Many good relationships can be tarnished by conflict. Conflict is truly inevitable when two people come together and the ability to manage it and find solutions will go a long way to predicting how long they might stay together. In fact, many observers will suggest that it is probably the most important aspect of a relationship. Conflict will always be there and that is not a problem. How it is managed is.
Dealing with conflict without a framework or system, often brings out the worst in people. We become defensive, aggressive, passive and not rational. Issues that could be theoretically solved quickly last for hours, days and sometimes longer because neither is willing to let go and be the ‘bigger’ person. Often we need to win, be right and that means someone has to lose and be wrong. Often, a period of ‘point-scoring’, ‘tit for tat’ and dragging past issues up prevails making resolution difficult. This also destroys intimacy and trust and over a longer period erodes the basis of the relationship. We are either on the attack or we are stonewalling. Not many couples can truly say that they deal with conflict effectively but with a few skills and some learning, things can truly improve and a couple can start to believe that engaging in effective conflict mamagement is not something to be avoided but to a large degree, can actually improve the relationship. One of the most effective methods to start with is to set the rules of engagement.
I have been offering online therapy for over 10 years. During that time, I have built up a speciality in many areas of psychology (especially Codependency) and helped many clients move forward. Contact me for a free consultation. I engage fully with my clients to ensure the best possible chance of recovery. I firmly believe that awareness is important but action is the decisive element of recovery. I accompany my clients along that road not only by offering sessions focusing on their issues but as a resource between sessions too.
When I mention rules in therapy, there can sometimes be instant resistance. People do not like rules. They see them as restrictive and inflexible and even a throwback to school and parental influence. However, rules create a framework and a reference point that can be tapped into when emotions are running high and escalation is likely to happen. The following is a good example of a set of rules that were recently put together by a couple in therapy. It appears to work for them but it is their set. Every couple would need to find out what works for them.
- Check The Temperature. Many people try to deal with conflict when emotions are running high. This is never going to end well and in fact, will probably make the situation dramatically worse. Never, ever try to resolve conflict when anger and resentment are present. If you feel the emotions rising, it is very important to withdraw from each other and take a cooling down, time out. It is very important to state how long this will be and when discussion will take place.
- Prepare. While away from each other, prepare yourself mentally, cool down and write down what you want to say. Watching TV or browsing might distract you but won’t help with preparation. If one partner is not ready, then an extension can be asked for.
- The Relationship Is Not Doubted. When the conditions are right to talk things through, it is often a good idea to confirm that you are taking through a single issue and the relationship is not being doubted.

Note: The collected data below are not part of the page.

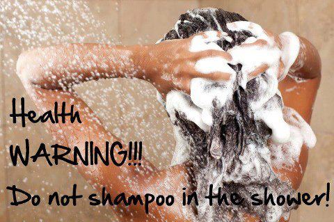 DO NOT wash your hair in the shower!! It’s so good to finally get a health warning that is useful!!! IT INVOLVES THE SHAMPOO WHEN IT RUNS DOWN YOUR BODY WHEN YOU SHOWER WITH IT. WARNING TO US ALL!!! Shampoo Warning! I don’t know WHY I didn’t figure this out sooner! I used to shampoo in the shower! When I wash my hair, the shampoo runs down my whole body, and printed very clearly on the shampoo label is this warning, “FOR EXTRA BODY AND VOLUME.” No wonder I have been gaining weight! Well! I got rid of that shampoo and I am going to start showering with Dawn Dishwashing Soap. It’s label reads, “DISSOLVES FAT THAT IS OTHERWISE DIFFICULT TO REMOVE.” Problem solved!
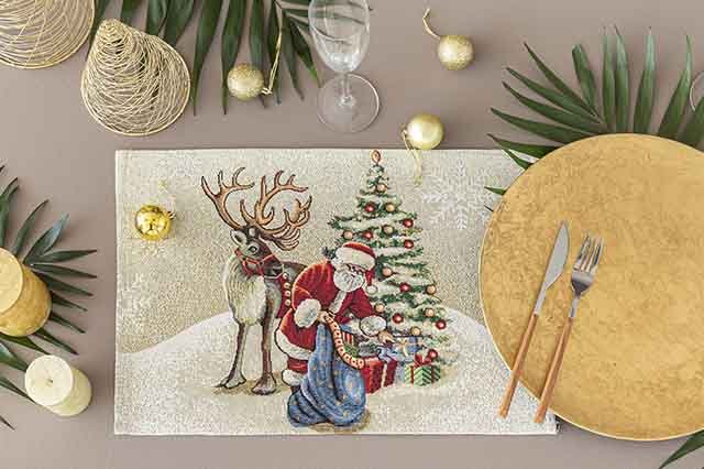 Гобеленова серветка Village 35×50 см — це не лише прикраса, а й справжній помічник у створенні святкового затишку. Яскравий сюжет із Санта-Клаусом, ялинкою та оленем стане центральним акцентом на вашому столі й подарує атмосферу радості. Вона ідеально підходить як декоративний елемент, але водночас має й практичне призначення.
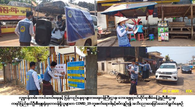 လူမှုဝန်ထမ်း၊ ကယ်ဆယ်ရေးနှင့် ပြန်လည်နေရာချထားရေးဝန်ကြီးဌာန၊ ဘေးအန္တရာယ်ဆိုင်ရာစီမံခန့်ခွဲမှုဉီးစီးဌာန၊ ကရင်ပြည်နယ်ဦးစီးမှူးရုံးမှတာဝန်ရှိသူများသည် (၂၉-၃-၂၀၂၀) ရက်နေ့တွင် ကရင်ပြည်နယ်၊ ဘားအံမြို့နယ်၊ အိန္ဒု စံပြကျေးရွာအတွင်းရှိ ရပ်ကွက်/ ကျေးရွာ(၁၆)ခုနှင့် သာမညကျေးရွာအုပ်စုရှိ ရပ်ကွက်/ကေျးရွာ (၁၇)ခုတို့၌ COVID-19 ကူးစက်ရောဂါနှင့်စပ်လျဉ်း၍ ကြိုတင်ကာကွယ်နိုင်ရန် ဆောင်ရန်/ရှောင်ရန်အချက်များကို ရပ်ကွက်/ကေျးရွာအုပ်ချုပ်ရေးမှူးများနှင့်ပူးပေါင်း၍ အသိပညာပေးနှိုးဆော်ခဲ့ပါကြောင်း သတင်းရရှိိပါသည်။
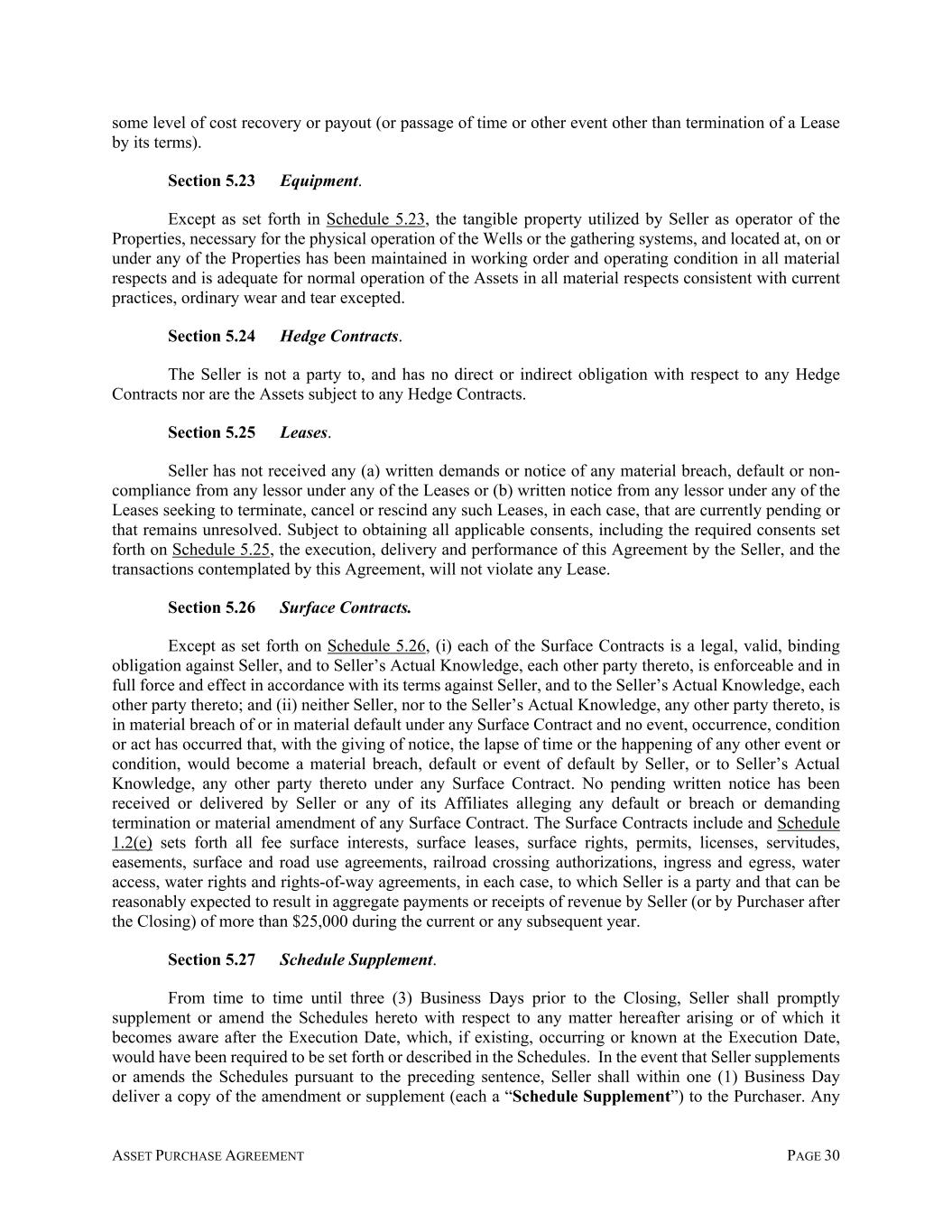 ASSET PURCHASE AGREEMENT PAGE 30 some level of cost recovery or payout (or passage of time or other event other than termination of a Lease by its terms). Section 5.23 Equipment. Except as set forth in Schedule 5.23, the tangible property utilized by Seller as operator of the Properties, necessary for the physical operation of the Wells or the gathering systems, and located at, on or under any of the Properties has been maintained in working order and operating condition in all material respects and is adequate for normal operation of the Assets in all material respects consistent with current practices, ordinary wear and tear excepted. Section 5.24 Hedge Contracts. The Seller is not a party to, and has no direct or indirect obligation with respect to any Hedge Contracts nor are the Assets subject to any Hedge Contracts. Section 5.25 Leases. Seller has not received any (a) written demands or notice of any material breach, default or non- compliance from any lessor under any of the Leases or (b) written notice from any lessor under any of the Leases seeking to terminate, cancel or rescind any such Leases, in each case, that are currently pending or that remains unresolved. Subject to obtaining all applicable consents, including the required consents set forth on Schedule 5.25, the execution, delivery and performance of this Agreement by the Seller, and the transactions contemplated by this Agreement, will not violate any Lease. Section 5.26 Surface Contracts. Except as set forth on Schedule 5.26, (i) each of the Surface Contracts is a legal, valid, binding obligation against Seller, and to Seller’s Actual Knowledge, each other party thereto, is enforceable and in full force and effect in accordance with its terms against Seller, and to the Seller’s Actual Knowledge, each other party thereto; and (ii) neither Seller, nor to the Seller’s Actual Knowledge, any other party thereto, is in material breach of or in material default under any Surface Contract and no event, occurrence, condition or act has occurred that, with the giving of notice, the lapse of time or the happening of any other event or condition, would become a material breach, default or event of default by Seller, or to Seller’s Actual Knowledge, any other party thereto under any Surface Contract. No pending written notice has been received or delivered by Seller or any of its Affiliates alleging any default or breach or demanding termination or material amendment of any Surface Contract. The Surface Contracts include and Schedule 1.2(e) sets forth all fee surface interests, surface leases, surface rights, permits, licenses, servitudes, easements, surface and road use agreements, railroad crossing authorizations, ingress and egress, water access, water rights and rights-of-way agreements, in each case, to which Seller is a party and that can be reasonably expected to result in aggregate payments or receipts of revenue by Seller (or by Purchaser after the Closing) of more than $25,000 during the current or any subsequent year. Section 5.27 Schedule Supplement. From time to time until three (3) Business Days prior to the Closing, Seller shall promptly supplement or amend the Schedules hereto with respect to any matter hereafter arising or of which it becomes aware after the Execution Date, which, if existing, occurring or known at the Execution Date, would have been required to be set forth or described in the Schedules. In the event that Seller supplements or amends the Schedules pursuant to the preceding sentence, Seller shall within one (1) Business Day deliver a copy of the amendment or supplement (each a “Schedule Supplement”) to the Purchaser. Any

- Establish The Do’s And Don’ts. These can be adapted by different couples but generally a good idea is to establish good practice for the conversation to come. Treat each other with respect, no aggression, no bringing in past issues, no mention of divorce or separation (unless it is meant), no talking over or interruption are all common. It is also important to decide what kind of discussion it will be. Is it just listening, a call for action or a joint solution-focused approach?
- Don’t Forget The Physical Touch. At the point of conflict, the person on the other side of the table is probably the last one you want to touch! However, physical touch increases connection and intimacy and combined with eye contact and effective listening will bring an element of trust and teamwork.
- Listen, Paraphrase and Clarify. I cannot stress enough the value of this. Many people enter conflict either shouting the other down, not listening or listening to reply. Paraphrasing and clarifying very rarely happen. I often teach the ‘Indian Talking Stick ‘ method. This means when one person holds a pen (for example), only they have the right to speak. The other must listen and paraphrase back what they understood plus any clarification that is needed. The pen then moves to the other side. It promotes listening and understanding. However, if tensions rise again, don’t be afraid to take another break.
- Promote Teamwork. Once the issues have been talked through, and both parties are satisfied that things are back to normal, it might be a good idea to start a solution-focussed discussion on how to avoid these issues in future.
- Print Out Your Rules. Once rules of engament are established, print them out and refer to them frequently.